MISS HERSCHEL TO J. F. W. HERSCHEL.
Sept. 25, 1827.
Dearest Nephew,—
Herewith you will receive what I have called No. 1, which was never intended to have met your eye as it is; but, as contrary to my expectation, my No. 2 was so cordially received by you, I had intended to send you only an abridgment of it, because it contains many things which must be very uninteresting and almost unintelligible to you on account of your being unacquainted with the (then) manners and customs of this country, besides requiring to remember that my father and mother were born and educated some hundred and twenty years back. But I must send it as it is, or destroy it immediately, for I feel I shall now never get well enough for making any alteration further than running my eye over it and adding a note here and there where necessary. But I wish not to leave my memorandums any longer to the chance of falling into the hands of officious would-be learned ignorance, to furnish a paragraph in some newspaper or journal.
I will, however, save you and myself the trouble of further apologising for sending you these papers, but just explain my reason for taking a copy of them with me.

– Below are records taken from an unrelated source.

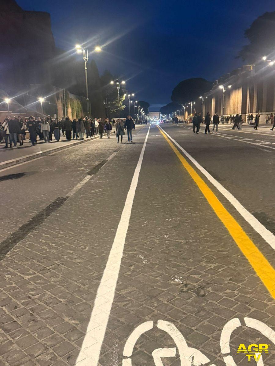 (AGR) Roma, nuova segnaletica stradale su via dei Fori Imperiali, tracciata la pista ciclabile e più spazio ai pedoni
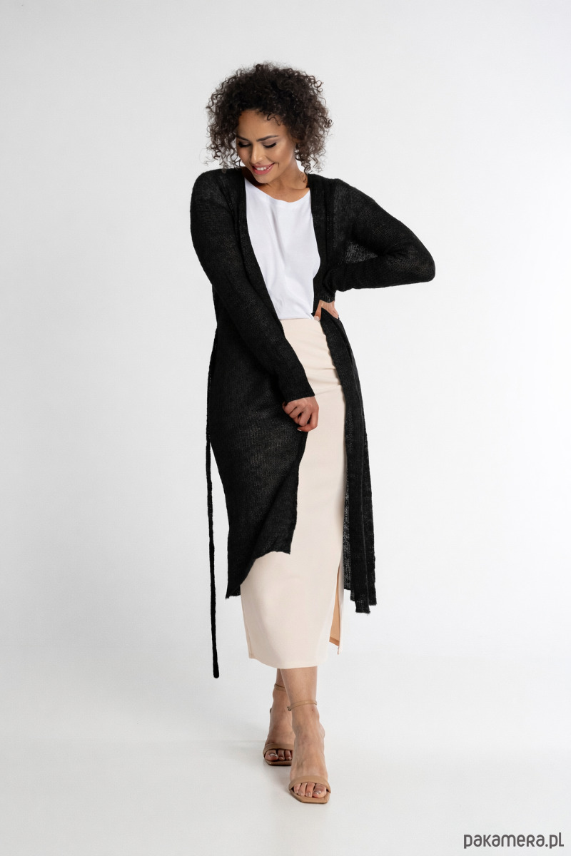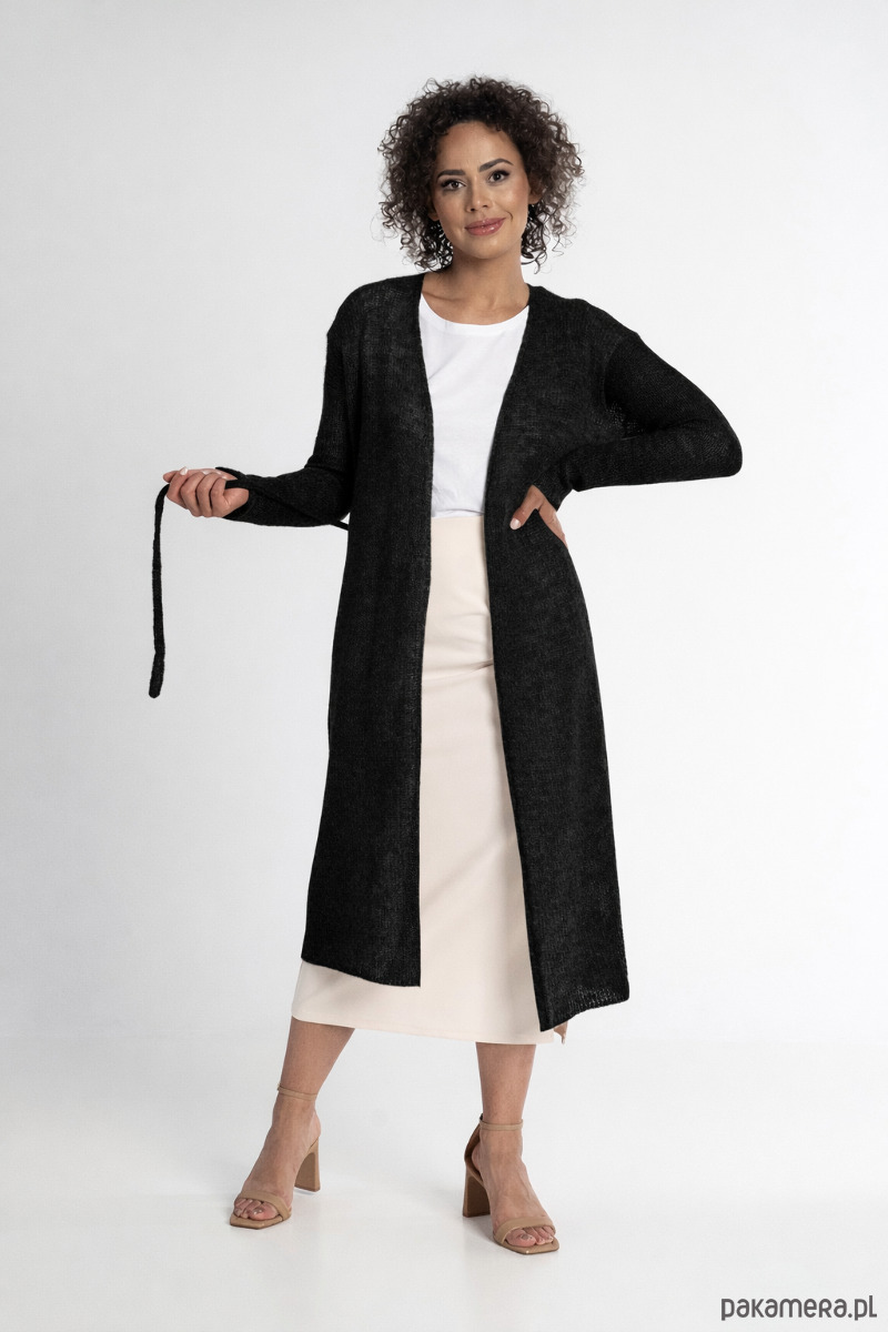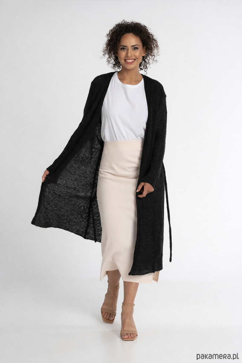 Szukasz idealnego okrycia na chłodniejsze dni? Nasz długi kardigan damski z paskiem to połączenie elegancji i niesamowitej miękkości. Ten wełniany sweter damski sięga do połowy łydki, dzięki czemu optycznie wydłuża sylwetkę, nadając jej lekkości.
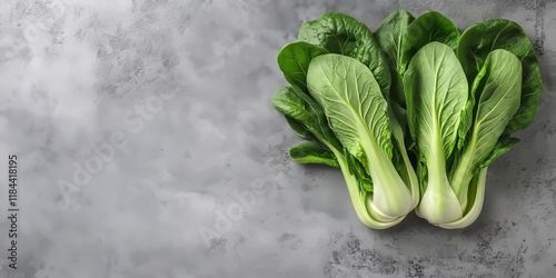 Organic bok choy, a type of Chinese cabbage, is beautifully arranged on a grey concrete background. This green organic bok choy offers fresh appeal with ample copy space in this top view flat lay.
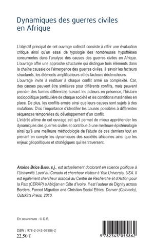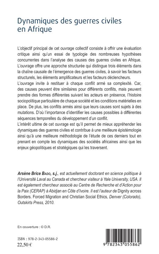 Cet ouvrage offre un essai de typologie des nombreuses hypothèses concurrentes dans l'analyse des causes des guerres civiles en Afrique. Il distingue 3 éléments dans la chaîne causale de leur émergence : les facteurs structurels, les éléments amplificateurs et les facteurs déclencheurs. Si les causes peuvent être similaires pour certains conflits, il restitue à chacun sa complexité selon les acteurs en présence, l'histoire sociopolitique particulière des sociétés et les conditions matérielles.
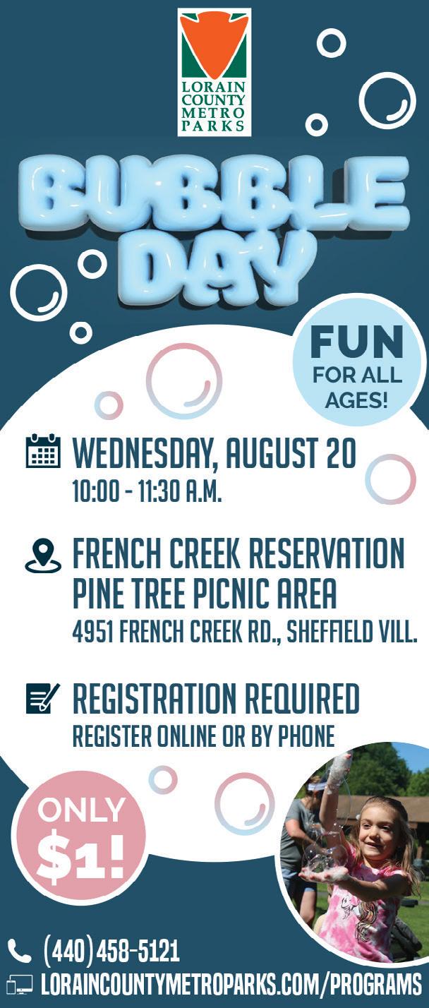 Bubble Day. Enjoy bubbles in all forms. From foam to bubble art, this program has a station for every kind of bubble! 10-11:30 a.m. French Creek Reservation, 4951 French Creek Road, Sheffield Village, loraincountymetroparks.com
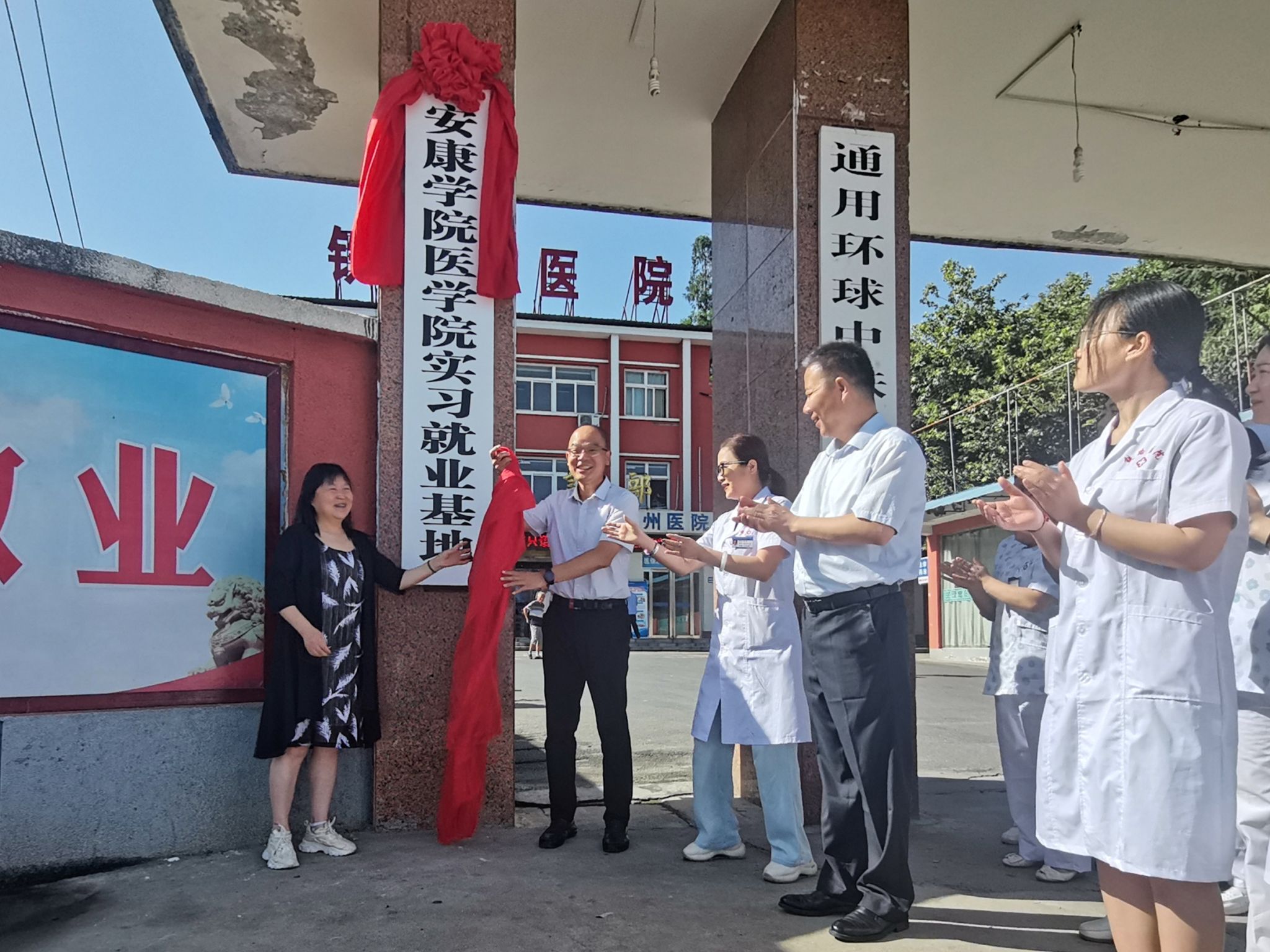 会上,医学院党委书记刘连德与王荣共同进行授牌,谢娟平与华州区卫健局副局长李育民共同揭牌,通用环球中铁华州医院正式成为医学院实习基地。

When I took my leave of the contents of your father’s library, it was parting from all with which my heart and soul had been engaged for the best part of my life, and I could not withstand the temptation of carrying away with me an index for assisting my memory when in my reveries I should imagine myself to be on the spot where I took leave of all that had been most dear to me.
What is contained in No. 1 I had intended for an everlasting pleasing melancholy subject for conversation with my brother Dietrich, if I should go back again to the place where I first drew my breath, and where the first twenty-two years of my life (from my eighth year on) had been sacrificed to the service of my family under the utmost self-privation without the least prospect or hope of future reward. Or in case I had died in England, it was to have been sent to D., for I wished him to get a more correct idea of our father than what I thought he had formed of that excellent being.

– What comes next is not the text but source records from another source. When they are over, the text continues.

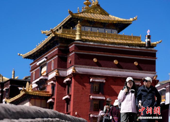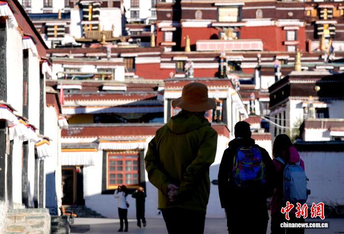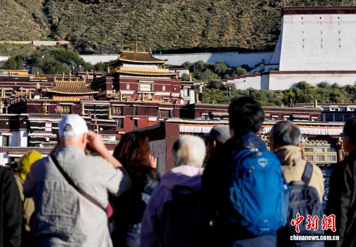10月7日,游客在西藏日喀则市扎什伦布寺参观。扎什伦布寺始建于公元1447年,是中国国家5A级旅游景区。凭借深厚的历史底蕴和独特的文化魅力,吸引众多中外游客参观游览。中新社记者 李林 摄
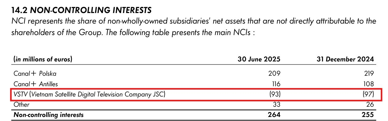 Báo cáo bán niên 2025 của Canal+ cũng cho thấy hoạt động tại Việt Nam đang bị "ảnh hưởng đáng kể bởi biến động thị trường" và VSTV vẫn đang ghi nhận khoản lỗ lũy kế thuộc về cổ đông mà Canal+ không kiểm soát (Non-controlling interests, NCI) là âm 93 triệu Euro (khoảng 2.800 tỷ đồng) tính đến 30/06/2025, thu hẹp từ 97 triệu Euro tại thời điểm cuối năm 2024.
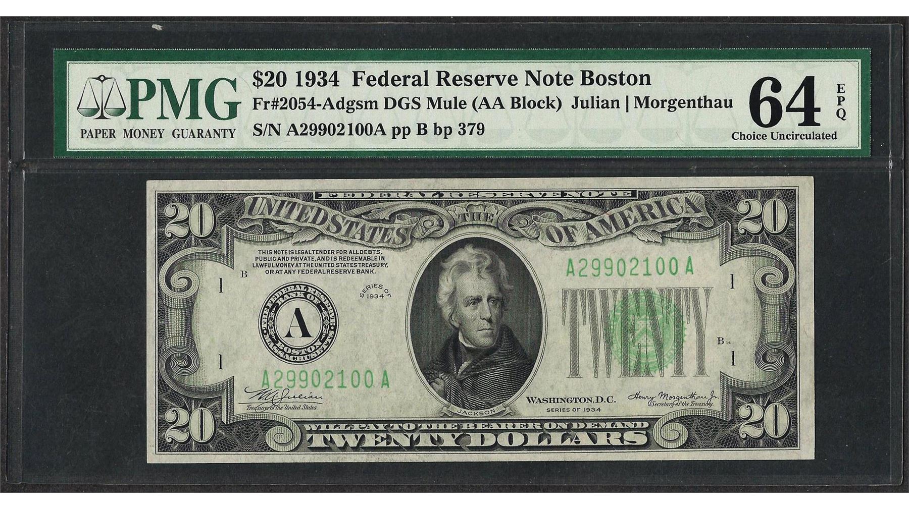 1934 $20 Federal Reserve Note Boston Fr.2054-A PMG Choice Uncirculated 64EPQ
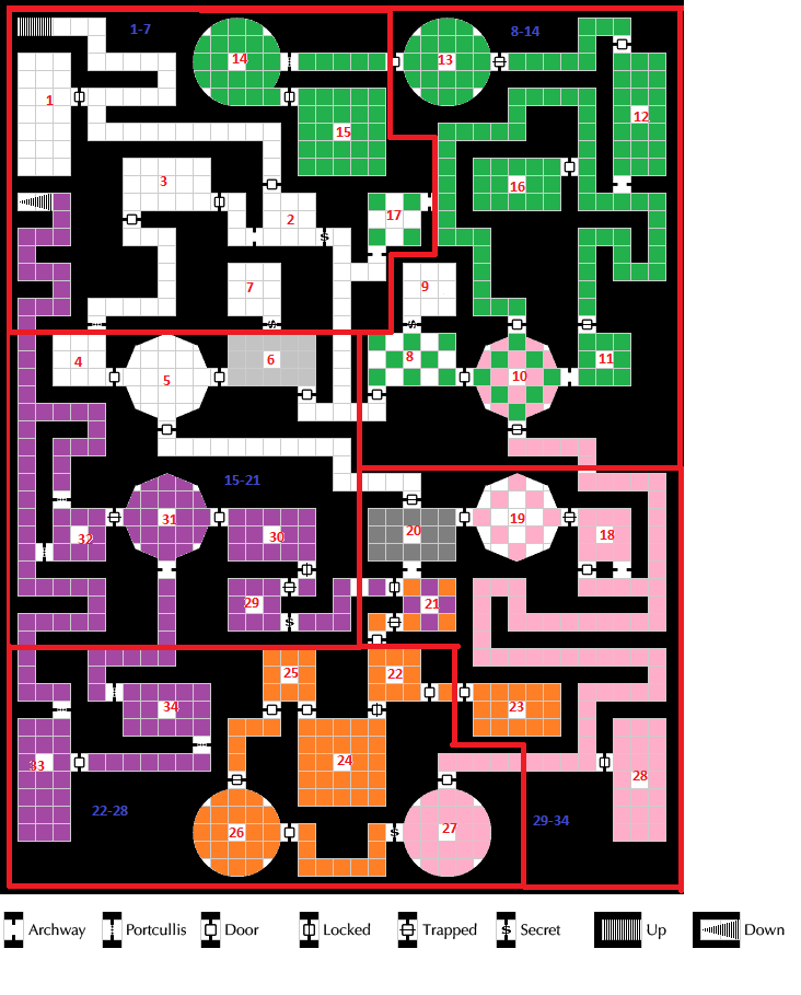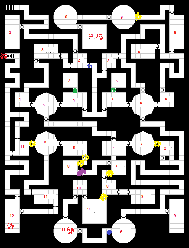 Ну и наконец переход в левую нижнюю часть карты скрыт полностью за одним секретным проходам и должен открыться, если карта будет вестить хорошо и большая часть подземелья будет уже нарисована — фиолетовый кружок. В этом же месте на одинаковой глубине 12 находятся переходы на нижний уровень и прямоугольная зала для чего-то крутого и/или мощного.

1827. Letter to her Nephew.
He never recollected the eight years’ care and attention he had received from his father, but for ever murmured at having received too scanty an education, though he had the same schooling we all of us had had before him.
I ought to remember here, I suppose it was in the year 1818, or perhaps earlier, your father wished to draw up the biographical memorandum you have in your possession. But finding himself much at a loss for the dates of the month, or even the year when he first arrived in England with his brother Jacob, I offered to bring some events to his recollection by telling what I remembered having passed at home during the two years his brother was with him, with the proviso not to criticize on telling my story in my own way. But not being very positive about the exact date when my eldest brother returned, I wrote to my brother D. for the date when Jacob entered the orchestra, and found not to have been much out in my reckoning. And from that time on, your father became more settled, and could have recourse to the heads of his compositions, &c., &c., for the dates he wanted for his purpose.